What makes the capabilities of the current civilization different is a combination of things, some of which are unique this time around.

The major differentiators are 1. Global scale monoculture in knowledge (take engineers from US midwest, Ethiopia, China, Brazil, France, Japan, Finland, Chennai - we all basically can mesh instantly to a product team since tehcnological education is so homogenous). This monoculture was enabled by the printing press and later digital technologies. 2. Insane amount of energy per capita available 3. Amount of capital available including finance

2. and 3. simply were not available before. We can argue all day about merits of education systems of old but you simply did not have this global talent mass on hand. This talent mass is prerequisite so that you can scale capital and technology rapidly on a global scale.

Energy&Capital then feed the machine to give it energy. This machine simply did not exist before. The energy per person in any society was tiny fraction what we can utilize. Similarly for capital.
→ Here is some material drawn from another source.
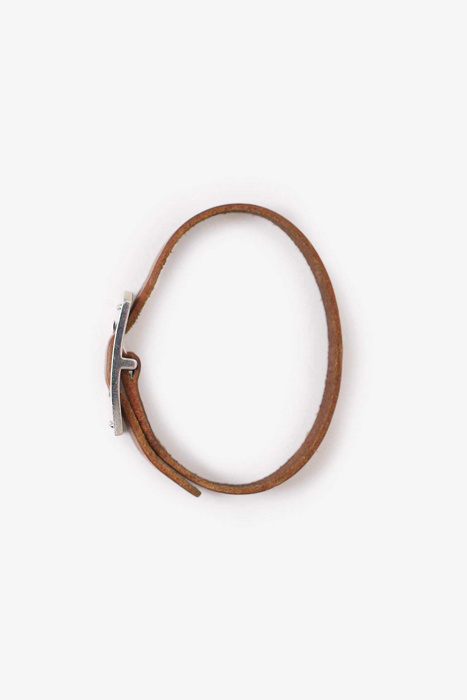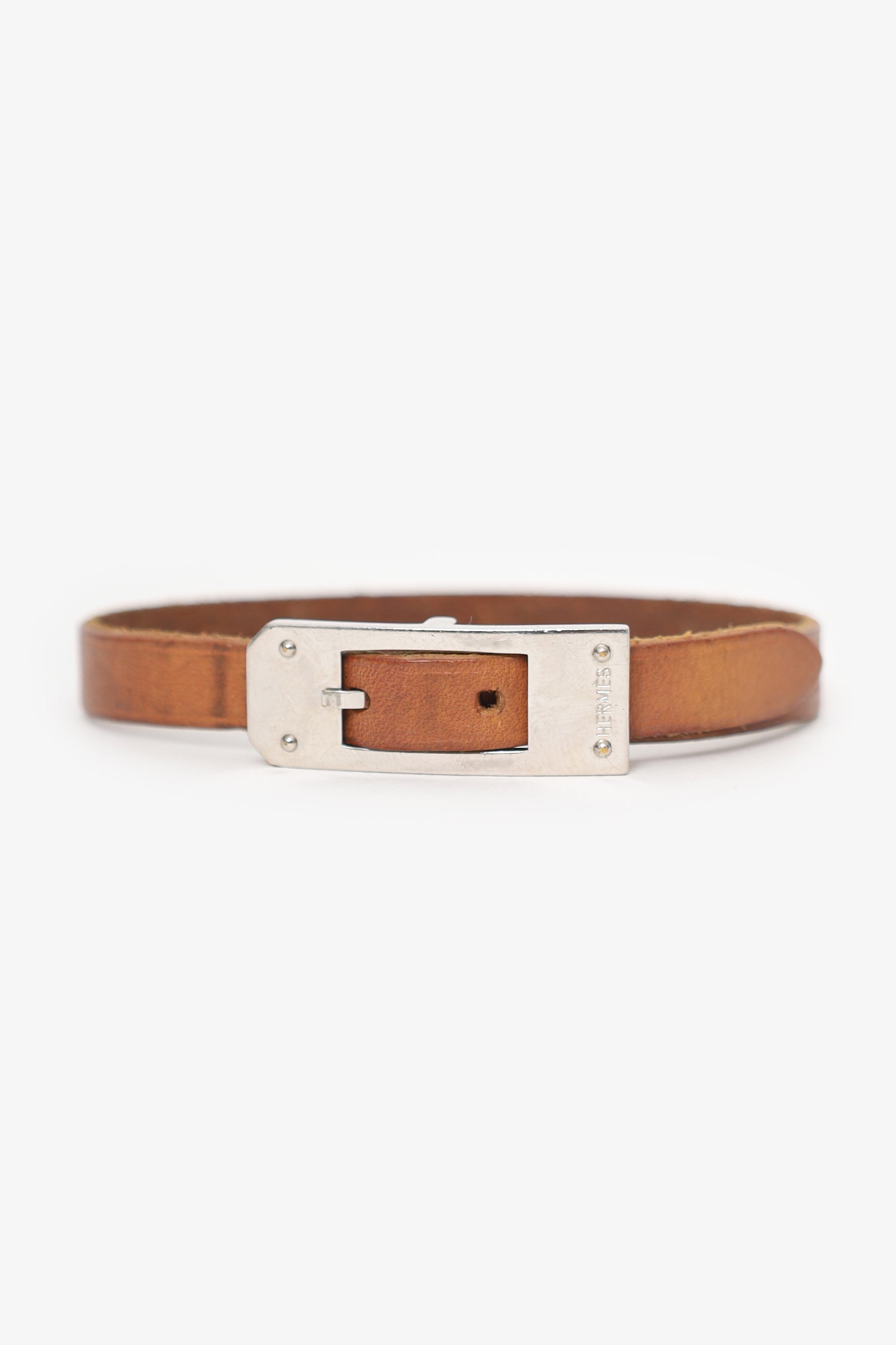 Hermes Tan Leather Api Bracelet. Adjustable pull-through buckle closure. Contrast stitching. Silver-tone hardware.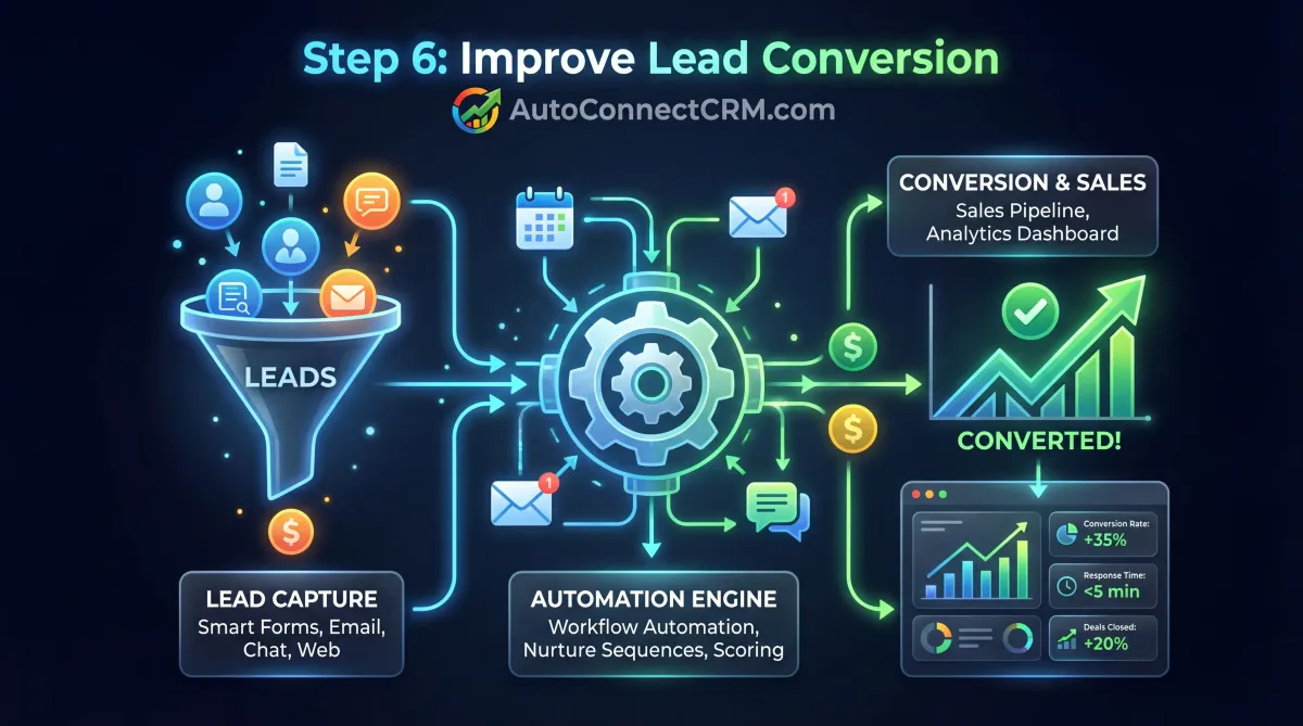 A practical CRM automation guide explains how automation improves lead conversion rates by ensuring that every inquiry receives a response.

Japan is excellent example.

a) It demonstrates how long it takes for a society, if it's educated and all around excellent but pre-modern to reach parity with modern societies. I would argue based on facts it's about two generations or 50 years (for Japan) from Perry expedition 1850's to Japan wiping a western industrial nation state fleet to the bottom of the Tsushima straits (1905).

b) It demonstrates this society, when in it's pre-modern configuration lacked things, that it felt necesary to acquire to be able to go head-to-head with societies that had these implemented.

It's this difference between pre-modern,pre-capitalist pre-industrial and modern I'm talking about, why it's false narrative to state "people througout history have been smart and able" as a contradiction why modern societies would be more capable. Because they are. It's not a statement about why some people with different upbringing or genes would be different. That's irrelevant (except up to a point where their upbringing relates to prevalent institutions i.e Acemoglu, "Why nations fail" etc).

I agree we know nothing of how long the current system can last, or will it evolve or devolve. But it's very hard for me to imagine the system going away unless we go full mad max. Because it's not about cultural identity anymore. Who is your king or god. While we live in tumultuous times, Fukuyama was still more or less correct IMO, even though clearly it's not a "end of history" as much as "beginning of new history".

It's about capital, energy, education and markets.